4. The plaintiff, aside from being the compulsory heir of the deceased CATALINA
SIOSON, has sole and exclusive claim of ownership over the above-mentioned two (2)
parcels of land by virtue of a will or "Huling Habilin at Pagpapasiya" executed by
Catalina Sioson on May 19, 1964 before Notary Public Efren Y. Angeles at Navotas,
Rizal, in which document the deceased Catalina Sioson specifically and exclusively
bequeathed to the plaintiff the above-mentioned Lots 2-A and 2-E of Psd-34713 approved
by the Bureau of Lands on May 30, 1952. Copy of the "Huling Habilin at Pagpapasiya"
consisting of four (4) pages is hereto attached and forms an integral part hereof as Annex
"A;"
5. Sometime on or about February, 1987, plaintiff discovered that the above-mentioned
Lots 2-A and 2-E of subdivision plan Psd-34713 are now registered or titled in the name
of the defendants under Transfer Certificate of Title No. (232252) 1321 of the Registry of
Deeds of Rizal, now Metro-Manila District III. Copy of the title is hereto attached and
forms an integral part hereof as Annex "B;"
6. Upon further inquiry and investigation, plaintiff discovered that the defendants were
able to obtain title in their name of the said parcels of land by virtue of a "Kasulatan ng
Bilihang Tuluyan" allegedly executed by Canuto Sioson on September 26, 1956 before
Notary Public Jose [T.] de los Santos of Navotas, Metro-Manila. Copy of the said
document is hereto attached and forms an integral part hereof as Annex "C;"
7. The plaintiff also discovered that although x x x the original sale did not specify the
parcels of land sold by Canuto Sioson, the defendants submitted an alleged Affidavit
executed by Felicidad Sioson and Beatriz Sioson identifying the lots sold by Canuto
Sioson to the defendants as Lots 2-A and 2-E of subdivision plan Psd-34713. Copy of the
Affidavit dated October 3, 1968 on the basis of which the present Transfer Certificate of
Title No. (232252) 1321 was issued to the defendants is hereto attached and forms an
integral part hereof as Annex "D;"
8. The defendants are clearly guilty of fraud in presenting the aforementioned Affidavit
(Annex "D") to the Register of Deeds as the basis of their claim to Lots 2-A and 2-E in
view of the fact that the parcels sold to them by Canuto Sioson, assuming there was such
a sale, were different parcels of land, Lots 2-A and 2-E being the properties of the late
Catalina Sioson who bequeathed the same to the plaintiff.
xxxx
12. Because of the defendants fraudulent actuations on this matter, plaintiff suffered and
continious [sic] to suffer moral damages arising from anxiety, shock and wounded
feelings.

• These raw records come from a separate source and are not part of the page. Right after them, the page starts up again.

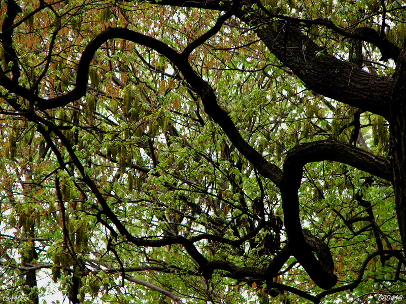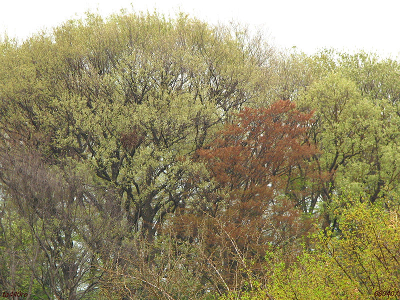 雑木林の前で長い望遠レンズを付けたデジタル一眼レフが数本並んでいました。その近くから歩いてきたバードウォッチャーの一人に聞くとアオゲラが巣づくりをしているとのこと。私も覗いてみると、なるほどアオゲラが木の幹に大きな穴を開けています。作業の合間に時々こちらを伺っている様子は、人間たちの行動がかなり気になるからでしょう。私は数枚の写真を撮るとさっさと立ち去ることにしました。他の撮影者たち数人はどうやら長居を決め込んでいる様子です。アオゲラの巣づくりを邪魔しなければよいのですが・・・・。080416
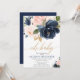 Convites Marinho cor-de-rosa chá de fraldas floral
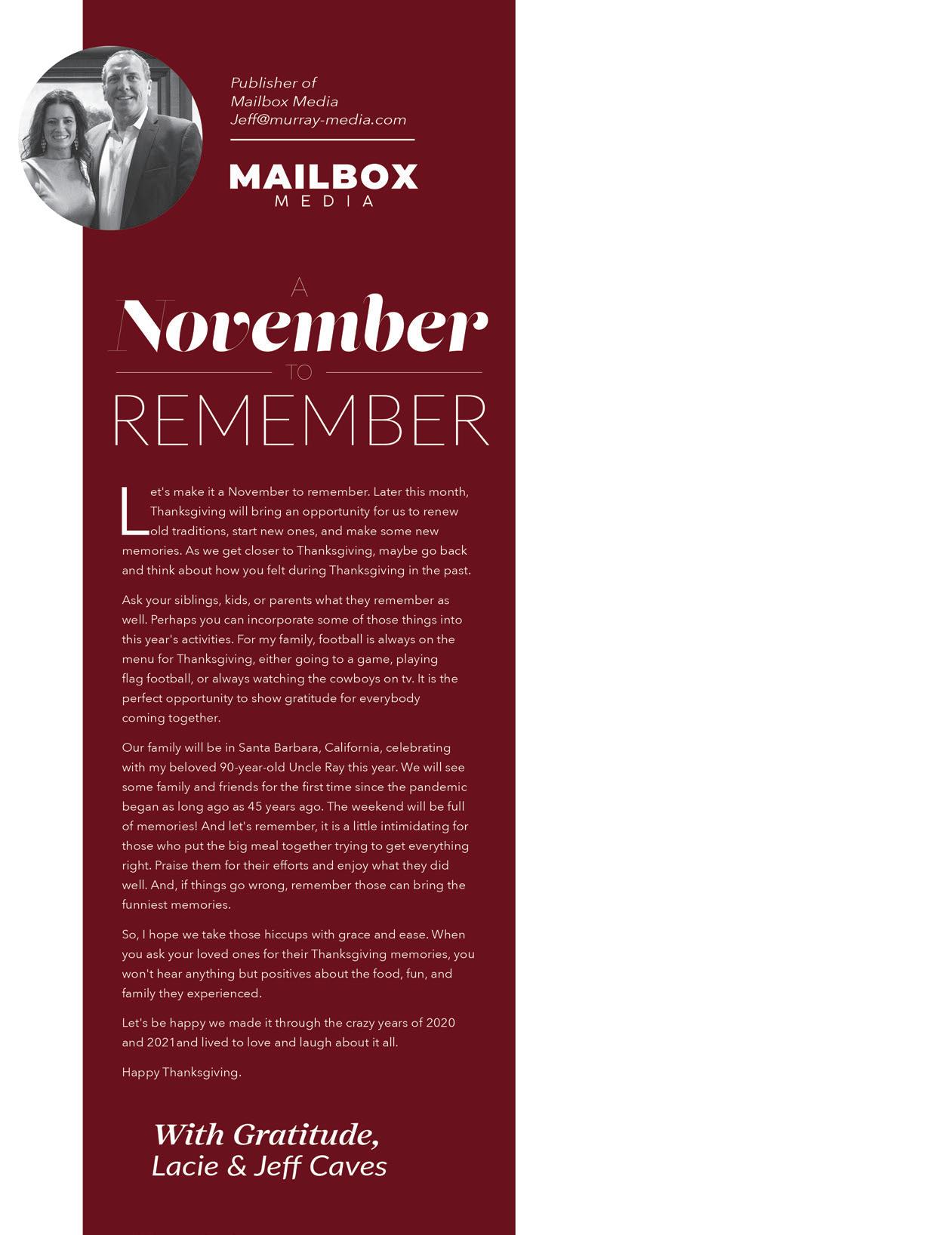 Editorial Inquiries Call 972.899.3637 or email editor@murray-media.com Address: Mailbox Media L.L.C. 2591 Lakeside Pkwy., Ste. 200 Flower Mound, TX 75022
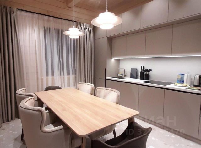В доме просторная гостиная 40 кв.м. с панорамными окнами, обеденной зоной на 10 персон, два дивана и журнальный столик, телевизор, караоке, настольный футбол (кикер), настольные игры, светодиодная подсветка, шкаф, санузел. На кухне есть все необходимое для приготовления и приема пищи: электрическая плита, духовка 35л, СВЧ, мультиварка, кофеварка, чайник, холодильник, посуда для приготовления и сервировки, обеденный стол на 4 персоны. В ванной комнате имеется стиральная машина, утюг и гладильная доска, сушилка, ванна, туалет, раковина, фен.
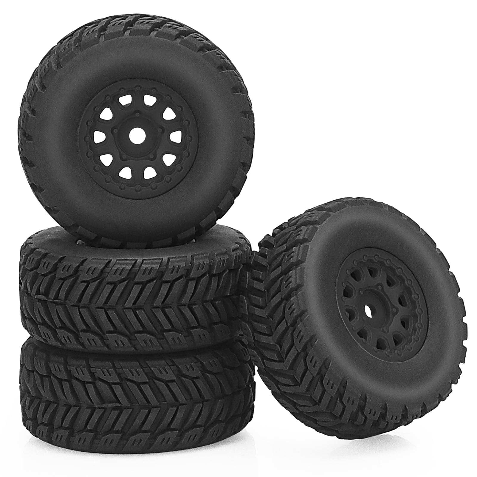 - Superior Performance and Unique Surface Design - RC car wheels adopt to unique surface texture design enhances grip and has anti-skid feature, which can enable superior road holding for stable and flexible driving. It is suitable for a variety of terrains such as pavement, dry grass, hard-packed dirt, and loose surfaces
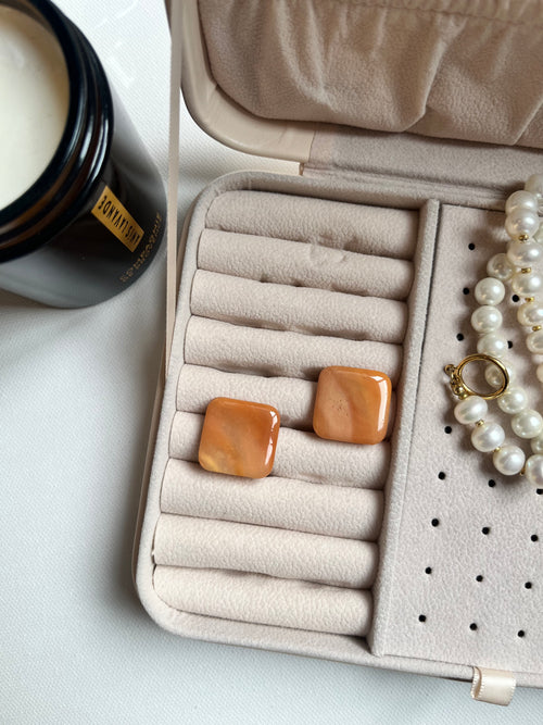 Vide-poche rond or et tacheté noir et terracotta -
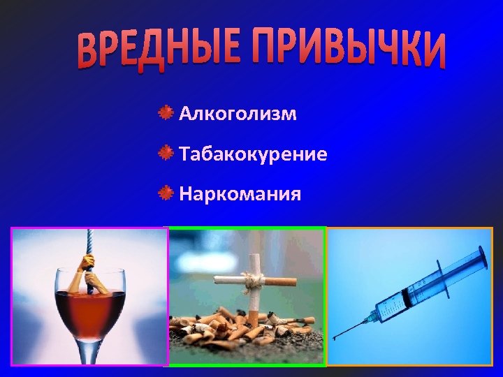 Алкоголизм Табакокурение Наркомания
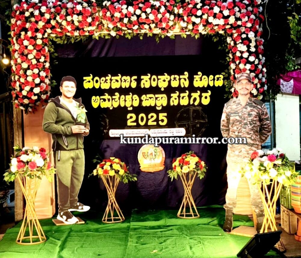 ಕುಂದಾಪುರ: ಇಲ್ಲಿನ ಕೋಟದ ಅಮೃತೇಶ್ವರಿ ಜಾತ್ರೆಯಲ್ಲಿ ಇತ್ತೀಚಿಗೆ ಕಾಶ್ಮೀರದಲ್ಲಿ ವಾಹನ ಅಪಘಾತದಲ್ಲಿ ನಿಧನ ಹೊಂದಿದ ಯೋಧ ಕುಂದಾಪುರ ತಾಲೂಕಿನ ಬೀಜಾಡಿಯ ಅನೂಪ್ ಪೂಜಾರಿ ಹಾಗೂ ಪ್ರಸಿದ್ಧ ಕನ್ನಡ ಚಿತ್ರನಟ ಪುನಿತ್ ರಾಜ್ ಕುಮಾರ್ ಅವರ ಸೆಲ್ಫಿ ಕಾರ್ನರ್ ವಿಶೇಷವಾಗಿ ಗಮನ ಸೆಳೆಯಿತು.
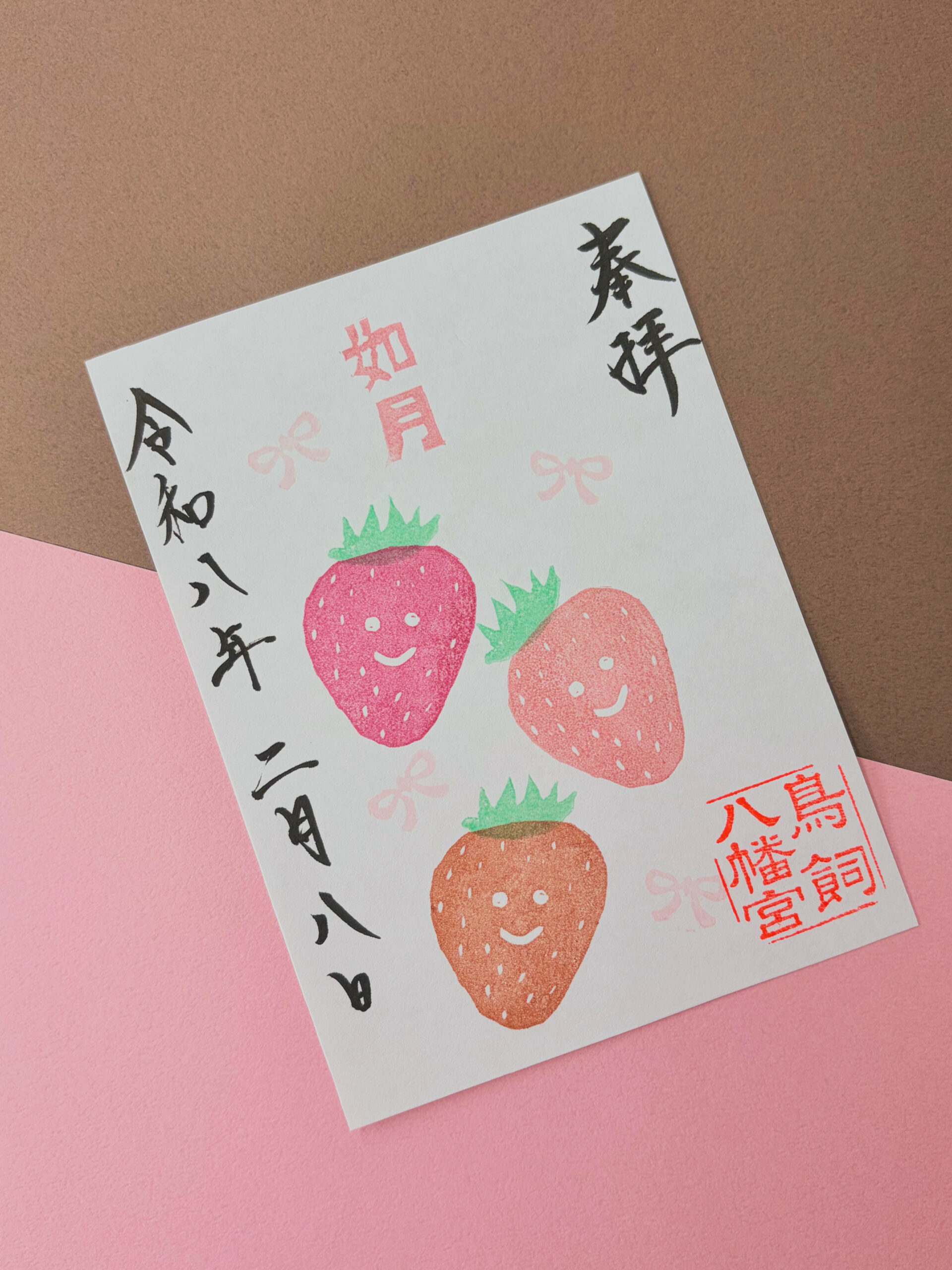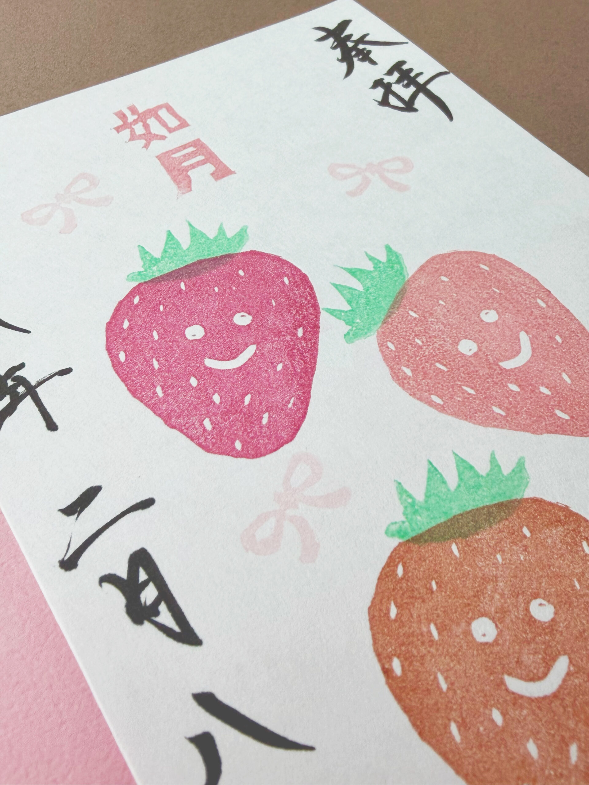 毎月頒布している福マルシェ記念御朱印は旬のイチゴがテーマです。
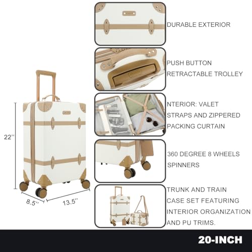 HOT ! Vintage-Inspired White 2-Pack Hardside Trunk & Train Case With Brown Accents
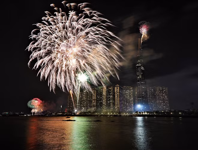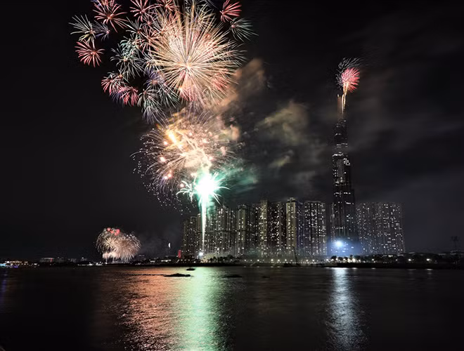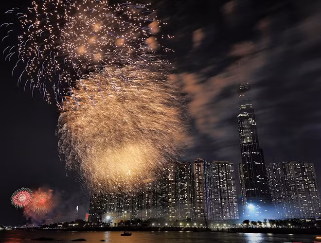 [ẢNH] Mãn nhãn với màn pháo hoa rợp trời tối 30-4 mừng ngày thống nhất
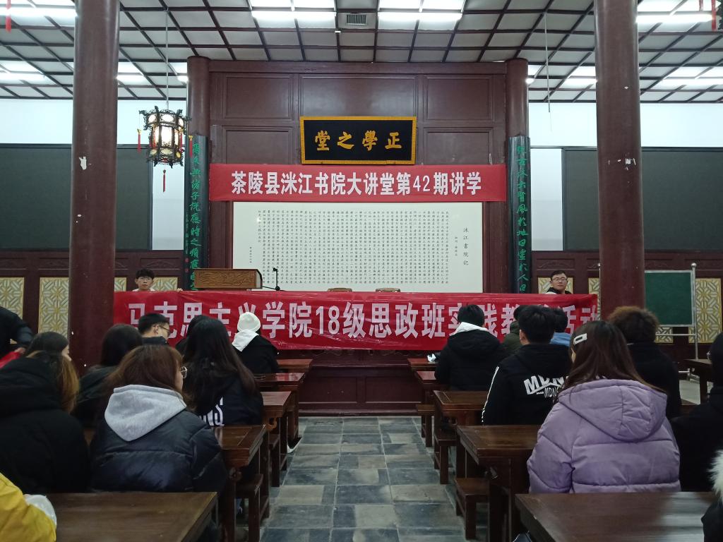 为深入学习贯彻习近平总书记关于加强“四史”教育的重要指示精神,传承红色基因,进一步深化思想政治理论课教学改革,拓宽实践教学渠道,在院领导的关心和支持下,12月14日-15日,我院18级开展了以“传承红色基因、感受书院文化,弘扬罗荣桓罗帅精神”为主题的思政课实践教学活动。18级全体学生在院党总支副书记成伟、班主任张得才老师的带领下赴株洲市茶陵县工农兵政府旧址、洣江书院,衡阳市衡东县罗荣桓元帅故居开展了实践教学活动。
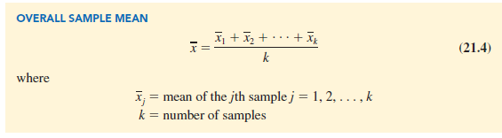 For the JCS data in Table 21.2, the overall sample mean is X = 3.4995. This value will be the center line for the X chart. The range of each sample, denoted R, is simply the difference between the largest and smallest values in each sample. The average range for k samples is computed as follows:

Defendants should also be assessed exemplary damages by way of a lesson to
deter them from again committing the fraudulent acts, or acts of similar nature, by virtue
of which they were able to obtain title to the parcels of land involved in this case x x x.29
(Emphasis supplied)
Indeed, all throughout the proceedings below and even in her Comment to this petition,

REMEDIOS continued to pursue her claim as the alleged owner of one-half of the
disputed lots.
Other Matters Raised in the Petition
The Court deems it unnecessary to pass upon the other errors petitioners assigned
concerning the award of damages and attorneys fees to REMEDIOS. Such award
assumes that REMEDIOS is a real party-in-interest and that she timely filed her
complaint. As earlier shown, this is not the case.
WHEREFORE, we GRANT the petition. The Decision of the Court of Appeals dated 31
January 1994 and its Resolution dated 15 June 1994 are SET ASIDE. The complaint filed
by respondent Remedios Eugenio-Gino, dated 2 February 1988 is DISMISSED.
SO ORDERED.
Davide, Jr., C.J., Vitug, Ynares-Santiago and Azcuna, JJ., concur.